I want to focus on lean from different point of view—Lean Selling Processes (yes, it’s tough for me to get off the sales process soapbox).  Many of your customers, in fact your own company, may talk a lot about lean in manufacturing, or other functions in the organization, but I think there is a lot about lean in selling that can help improve win rates, improve sales productivity and dramatically reduce sales cycles. 

I have a very simplistic notion of lean (after all I’m a sales guy, I have to keep it simple).  Much of lean focuses not on how efficiently you are doing the activity or process step itself, but on what happens in between those activities or process steps. 

Think about this from the point of view of a deal that you are working on.  Typically, there are a series of activities and meetings you go through in executing the sales process.  We all go through meetings or calls to qualify the customer, then needs discovery, preparing and presenting our solution, negotiating a close, and getting contracts.  We spend a lot of time focusing on how we improve our effectiveness in executing those meetings or process steps. 

In the typical complex sale, it may take months or even years to execute all those steps and to win — or lose — the deal.  But when you think about it, over those months, you’ve probably only actually spent hours or days working on the deal or with the customer.  There is a tremendous difference between execution time and wall time in any complex sale.  Execution time is the time we actually spend working on the deal, either with the customer or internally.  Wall time is the hours, days, months that pass from when we first started pursuing the deal to completing it. (Better explanation at end of post)

I worry a lot about wall time.  Somehow, I want to compress wall time as much as possible—perhaps getting it very close to execution time.  Why am I so worried about it, deals have a natural cycle, why not just live with it? 

Wall time is bad—for the customer and for our companies.  Long wall times represent tremendous opportunity cost to our customers.  They are buying something to solve a problem or address an opportunity.  The longer it takes to solve the problem or address the opportunity, the more it costs.  In extreme cases, those costs can mean the success or failure of the business.  In others, it means lost value they can bring to their customers, loss of their own competitiveness, and deferred or lost revenue.  It’s important to reduce Buying Cycle Wall Time for our customers.  They need to realize the benefits and value of the solution as quickly as possible. 

Wall time is bad for our sales efforts.  We want to accelerate our wins as much as possible, our managers want us to bring in revenue much faster.  We are always trying to reduce our sales cycle.  Additionally, the longer a deal goes on, the greater our exposure—competitors can strengthen their positions, customers can lose enthusiasm and cancel a project. 
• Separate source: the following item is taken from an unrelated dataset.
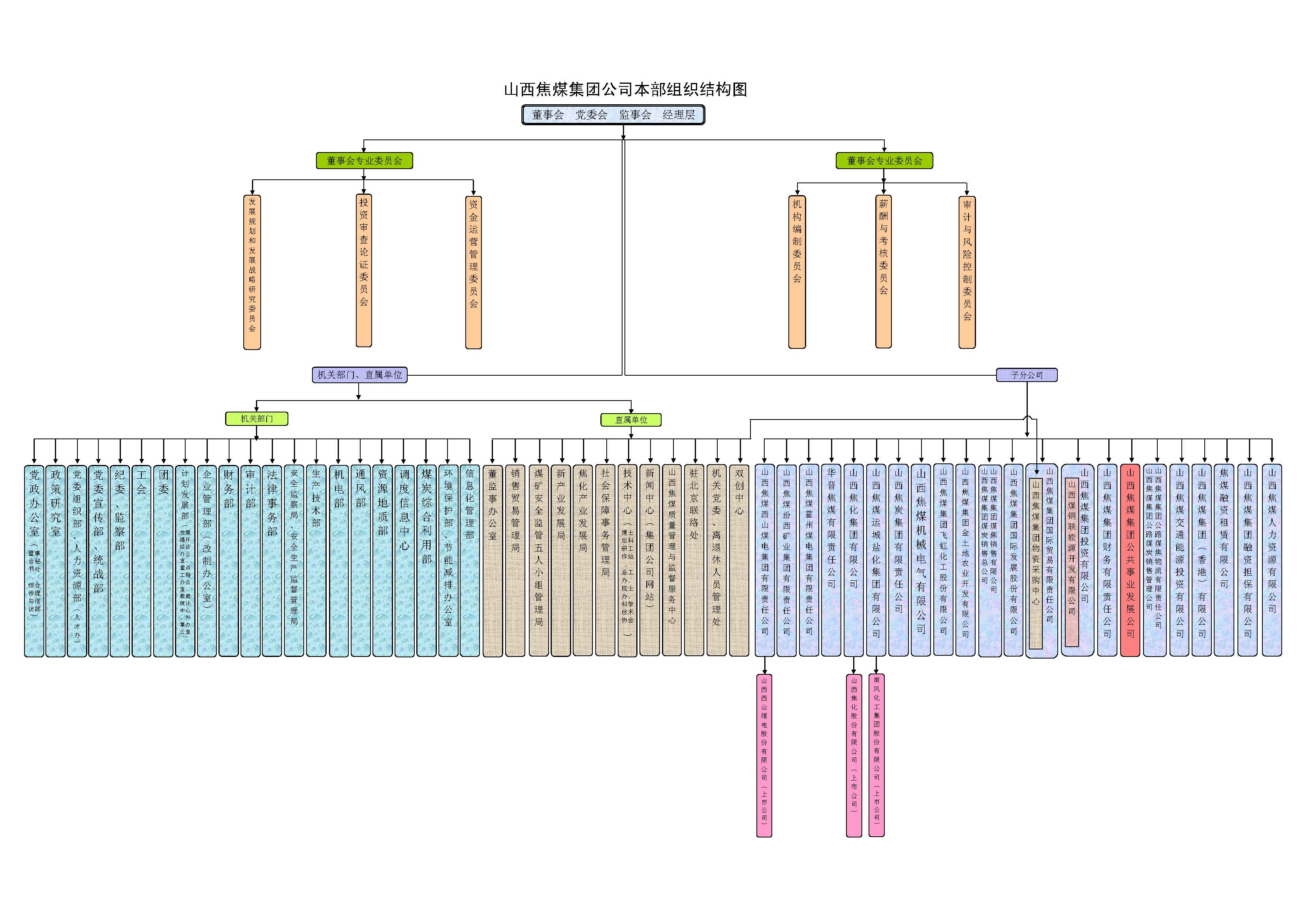 山(shan)西(xi)焦(jiao)(jiao)煤組建于2001年10月(yue),屬山(shan)西(xi)省(sheng)國有獨資(zi)(zi)企業,總部位于山(shan)西(xi)省(sheng)會太原市(shi),下有西(xi)山(shan)煤電(dian)(dian)、汾西(xi)礦業、 霍州煤電(dian)(dian)、華晉焦(jiao)(jiao)煤、山(shan)西(xi)焦(jiao)(jiao)化(hua)(hua)、運(yun)城(cheng)鹽(yan)化(hua)(hua)、山(shan)西(xi)焦(jiao)(jiao)炭、機械(xie)電(dian)(dian)氣公(gong)(gong)(gong)司(si)(si)、飛虹化(hua)(hua)工、金土地(di)公(gong)(gong)(gong)司(si)(si)、銷售總公(gong)(gong)(gong)司(si)(si)、國際(ji)發展公(gong)(gong)(gong)司(si)(si)、國際(ji)貿(mao)易公(gong)(gong)(gong) 司(si)(si)、投資(zi)(zi)公(gong)(gong)(gong)司(si)(si)、財務公(gong)(gong)(gong)司(si)(si)、公(gong)(gong)(gong)共(gong)事業公(gong)(gong)(gong)司(si)(si)、公(gong)(gong)(gong)路物流公(gong)(gong)(gong)司(si)(si)、交通能投公(gong)(gong)(gong)司(si)(si)、香(xiang)港(gang)公(gong)(gong)(gong)司(si)(si)、融資(zi)(zi)租賃公(gong)(gong)(gong)司(si)(si)、融資(zi)(zi)擔保公(gong)(gong)(gong)司(si)(si)等22個子分(fen)公(gong)(gong)(gong)司(si)(si)和西(xi)山(shan) 煤電(dian)(dian)股(gu)(gu)(gu)份公(gong)(gong)(gong)司(si)(si)、山(shan)西(xi)焦(jiao)(jiao)化(hua)(hua)股(gu)(gu)(gu)份公(gong)(gong)(gong)司(si)(si)、南風化(hua)(hua)工股(gu)(gu)(gu)份公(gong)(gong)(gong)司(si)(si)3個A股(gu)(gu)(gu)上(shang)市(shi)公(gong)(gong)(gong)司(si)(si)。

Wall time is about “the spaces in between.”  For the moment, I’ll assume we are executing our sales process as effectively or as efficiently as possible.  Wall time is the time that passes in between those execution steps.  It’s important for us to think about that and how we can reduce that time. 

Right now, I think there are two major reasons for long wall time, at least that we can do something about.  The easiest part is how effectively we are managing our internal processes to move rapidly between execution steps.  How long does it take us to arrange and conduct the demo?  How long does it take for us to get the answers and respond to the customer’s questions?  How long does it take for us to develop, configure, and develop a proposal for the customer?  How long does it take to turn around a contract revision?  
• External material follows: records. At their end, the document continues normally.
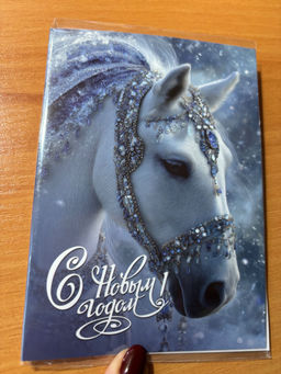 ?? Открытка 4 шоколадки "С Новым годом! (лощадь с синими украшениями)"
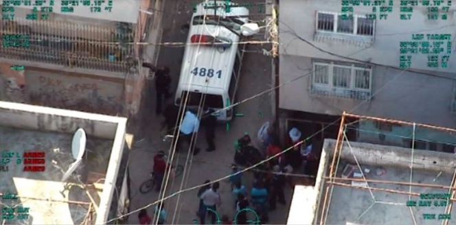 Polis, zanlıların kimliklerini belirleyerek Ramazan E. (20) ve Mahsun B. (21) olduğunu tespit etti. Zanlıların kaçtığı sokakta yapılan aramalar, evlerin bitişik olması nedeniyle zorluk yaşadı. Bunun üzerine devreye giren polis helikopteri, zanlıların kaçış yönündeki damlardan görüntü alarak, olay yerine yönlendirme yaptı. Helikopterin tespit ettiği hareketlilik üzerine, polis ekipleri iki evde operasyon düzenledi. Yapılan operasyonda iki zanlı yakalandı. Bu süreç helikopterin kamerasıyla kaydedildi.
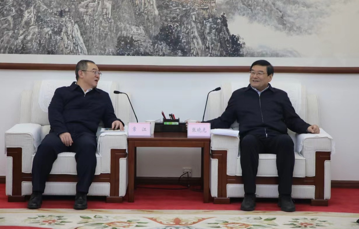 常江向张晓光汇报了学校近年来发展情况,特别是第三次党代会后学校的目标规划,表示希望加强校地合作,发挥学校人才培养、科学研究、成果转化、继续教育等领域的突出优势,依托榆林丰富的红色资源和历史文化资源开展职业培训和研学工作,以榆林建设世界一流高端能源化工基地目标为带动,在榆设立研究院,开展科技创新和成果转化工作,为榆林国家能源革命创新示范区建设提供西石大智力和人才支撑。王进富就学校计划在榆推进产学研深度融合工作和研究院建设情况作了汇报交流。
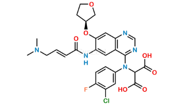 Afatinib Bis-dimethylamino Impurity is chemically N-(4-((3-chloro-4-fluorophenyl)amino)-7-(((S)-tetrahydrofuran-3-yl)oxy)quinazolin-6-yl)-3,4-bis(dimethylamino)butanamide. Afatinib Bis-dimethylamino Impurity is supplied with detailed characterization data compliant with regulatory guideline. Afatinib Bis-dimethylamino Impurity can be used for the analytical method development, method validation (AMV), Quality Controlled (QC) application for Abbreviated New Drug Application (ANDA) or during commercial production of Afatinib.

There are lots of things we do internally, getting answers, preparing responses, getting approvals that take wall time.  These are all within the control or our companies and us.  What are we doing to increase our responsiveness, agility, and ability to reduce wall time for our internal work?  If we have channel partners, this is critical, reducing this makes it easier for them to do business with us, makes our solutions easier to sell, increases mindshare, and helps them win. 

Reducing wall time on the customer side is more difficult.  There is a lot that is out of our control.  But there is a lot that we can do to help them decrease wall time.  Many of our customers don’t know how to buy.  Many of our customers don’t know how to organize themselves to make a decision.  They don’t know how to overcome their own internal hurdles to justifying a solution, selling it within their own organizations.  Here is where sales professionals create real value.  We go through this with every deal we do, we have lots of experience in this.  If we leverage this experience and start becoming partners with our customers in facilitating their buying process, we not only differentiate ourselves from the competition, but we decrease their wall time.  They get to realize the benefits of our solution much sooner. 

I spend a lot of time writing about developing and executing highly efficient sales processes.  There is lots of discussion on this.  Somehow, I think we need to spend some time thinking about the spaces in between. 

Lean concepts can help us do this.  I think there is a lot we can learn from lean.  My friend John Cousineau knows much more about this.  He pointed me to this interesting tutorial.  It’s short, simple (after all I understood it).  Look at it and think about your selling process.  Spend some time thinking about the spaces in between, look at wall time an how you can reduce that—getting wall and execution time into closer alignment.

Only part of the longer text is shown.